# audio art 340.6xe



## carbonz (Oct 21, 2010)

I have a new, in the box, Audio Art Amp. 340.6xe. I need the manual, along with 
technical specs. I don't want to damage it by experimenting. Thanks for any help.
Carbonz


----------



## BIG DIRTY (Jan 31, 2002)

> _Originally posted by carbonz_@Oct 21 2010, 05:19 PM~18872926
> *I have a new, in the box, Audio Art Amp. 340.6xe. I need the manual, along with
> technical specs. I don't want to damage it by experimenting. Thanks for any help.
> Carbonz
> *


GOOGLE IS A MUTHERFUCKER


----------



## carbonz (Oct 21, 2010)

Yea It can be. I saw some old posts about the same amp.
One of the members owns this same amp and I thought 
he might have the manual.
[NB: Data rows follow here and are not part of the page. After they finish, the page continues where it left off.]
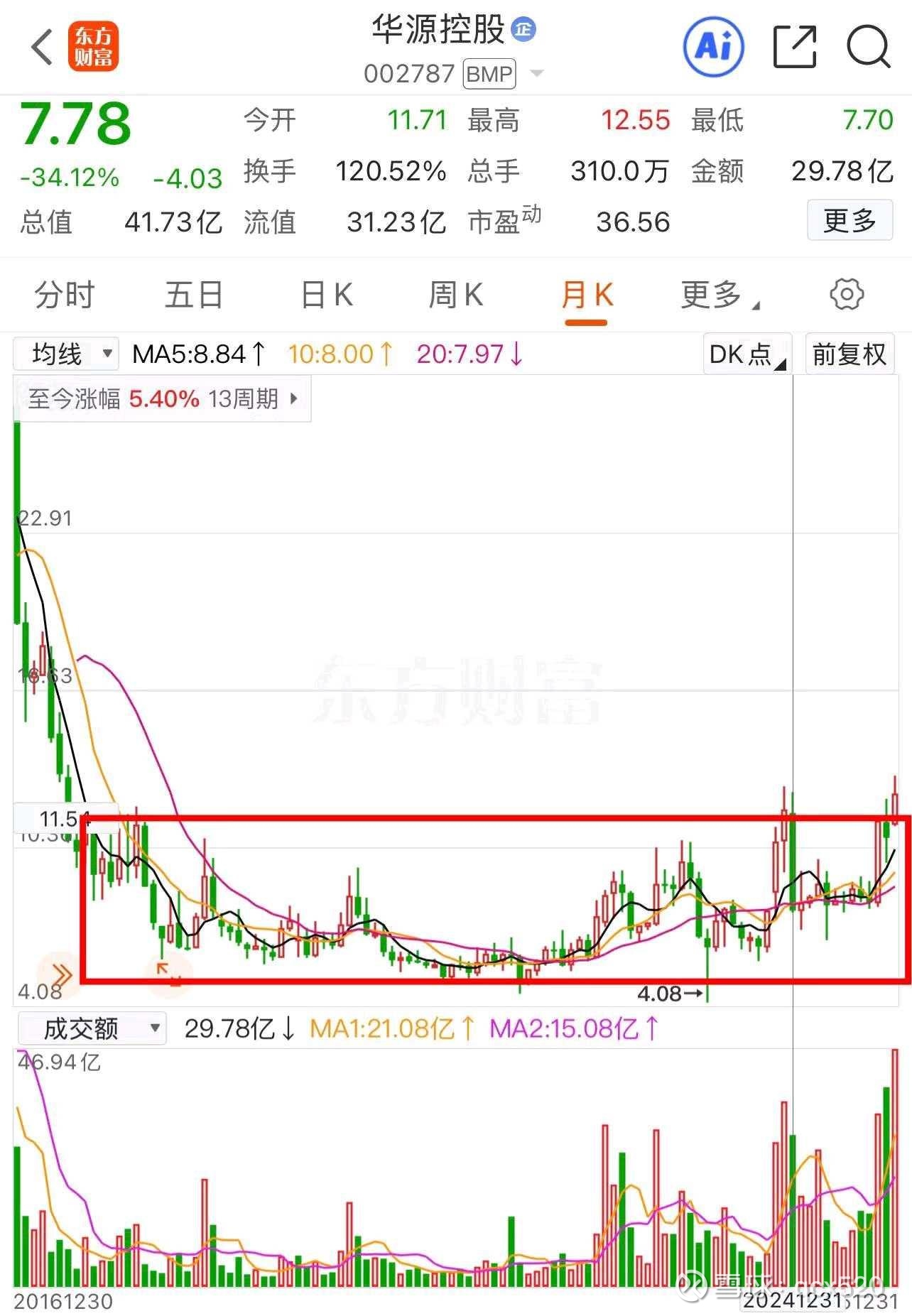 2025年12月,华源控股的月K线,已经有效站上了2018年1月至今整整八年的箱体上沿。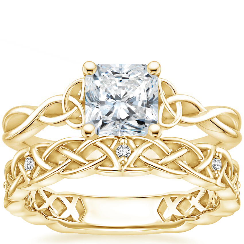 Entwined Celtic Love Knot Ring with Celtic Knot Diamond Ring in 18K Yellow Gold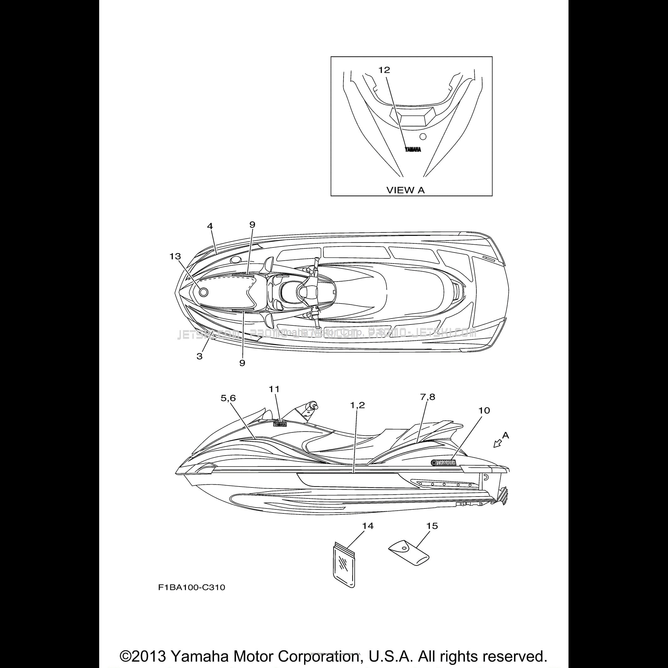 Below, find all references of original and spare parts for GRAPHICS for your Yamaha FX Cruiser (Cali.) - FX1000ACC - 2004 2004 WaveRunner and available at Promo-jetski.com.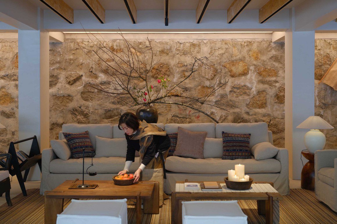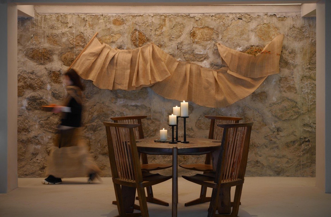 In the interior portion of Xie, we preserved the entirety of one of the original walls of the building. Furthermore, we used recycled furniture and fabrics from locals to create an immersive blend of historic influences with the renovated space.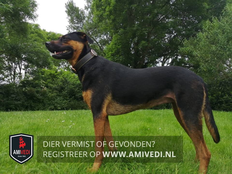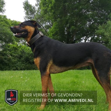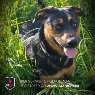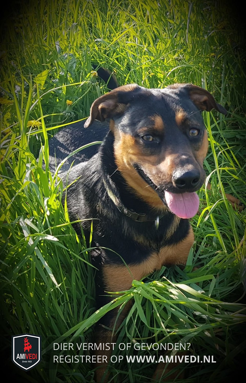 | Signalement | Kruising. Zwart bij de oren en voorhoofd. Bruine wenkbrauwen. Op de neus zwart. Wangen bruin. Kin zwart. Bef bruin. Borst en buik bruin. Voorpoten bruin en achterpoten bruin tot over de knie. Rug en staart zwart. Onderkant staart bruin. |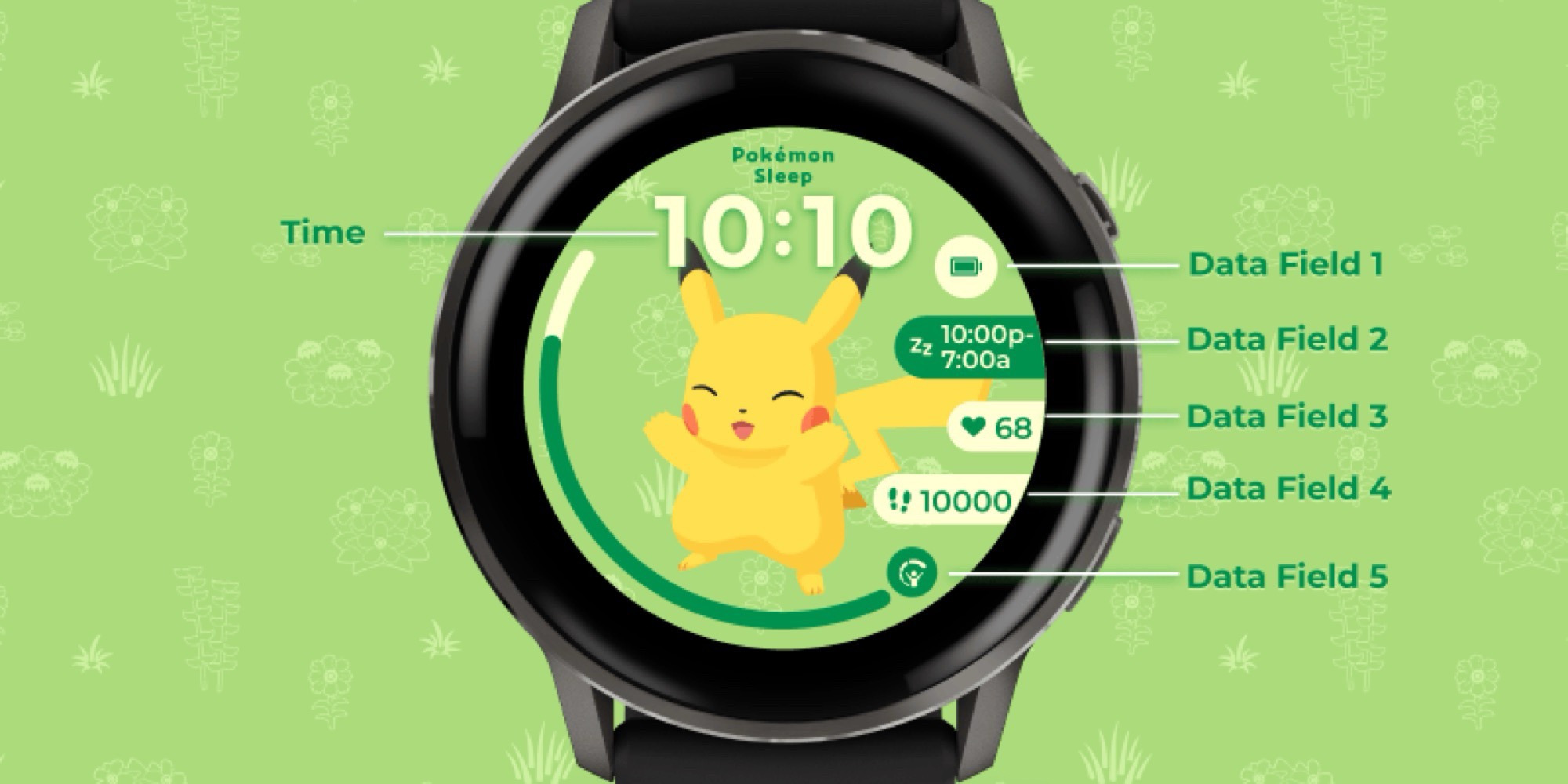 Além da data e da hora, o mostrador do relógio também oferece espaço para três complicações redondas que podem ser selecionadas livremente para exibir, por exemplo, os passos dados, a frequência cardíaca ou os detalhes do rastreamento do sono diretamente no mostrador do relógio. O segundo mostrador do relógio, chamado Pokémon Sleep: I Choose You, permite que os usuários escolham entre um total de 48 Pokémon diferentes. Esse mostrador do relógio também adapta a pose do Pokémon à bateria do corpo, mas o mostrador do relógio oferece espaço para cinco complicações.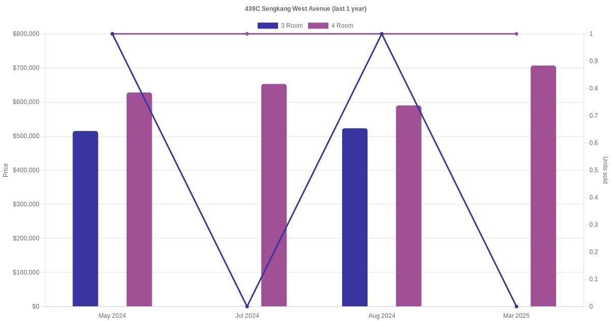 Below is a quick summary of the resale transactions volume and average price trends for the 3 room and 4 room units at 439C Sengkang West Avenue.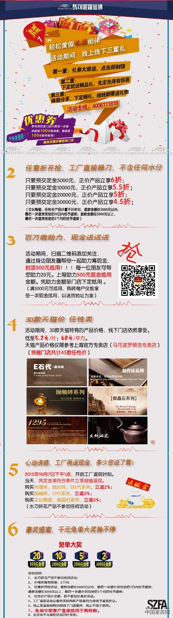 更多優(yōu)惠活動詳情,可致電活動專線。消費(fèi)者也可光臨馬可波羅各大店面現(xiàn)場體驗(yàn),相信一定會有驚喜收獲。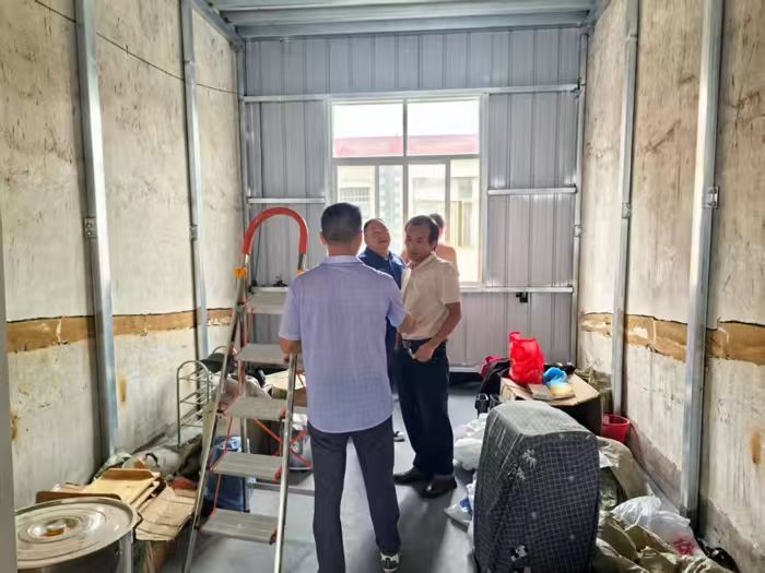 陈东在日常走访中了解到,徐魏魏、徐上兄弟俩位于镇上的门面房,每逢雨天屋顶就严重漏水,屋内墙面早已受潮发霉,既影响经营也存在安全隐患。由于兄弟二人身体残疾、家庭经济困难,这笔修缮费用和找人施工的难题,成了压在他们心头许久的“烦心事”。得知情况后,陈东决定用“礼让为先、沟通为要、和谐为本”的“六尺巷工作法”,帮兄弟俩彻底解决这一难题。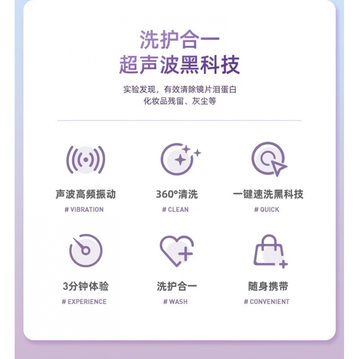 包装清单 :隐形眼镜清洗盒+镊子吸棒+双联眼镜架+充电线+收纳袋+说明书

I did goole it and it sent me here.


----------



## BIG DIRTY (Jan 31, 2002)

> _Originally posted by carbonz_@Oct 21 2010, 06:27 PM~18873351
> *Yea It can be. I saw some old posts about the same amp.
> One of the members owns this same amp and I thought
> he might have the manual. I did goole it and it sent me here.
> *


hahahahah good ole Lay it low. Maybe hit up Ebay, sometimes they have manuals there


----------



## baggedout81 (Jan 5, 2009)

> _Originally posted by carbonz_@Oct 21 2010, 06:27 PM~18873351
> *Yea It can be. I saw some old posts about the same amp.
> One of the members owns this same amp and I thought
> he might have the manual. I did goole it and it sent me here.
> *


Everything leads back to the LIL'Z


----------



## Jeff Rohrer (Jul 9, 2010)

Google, and found this:

Audiofart


----------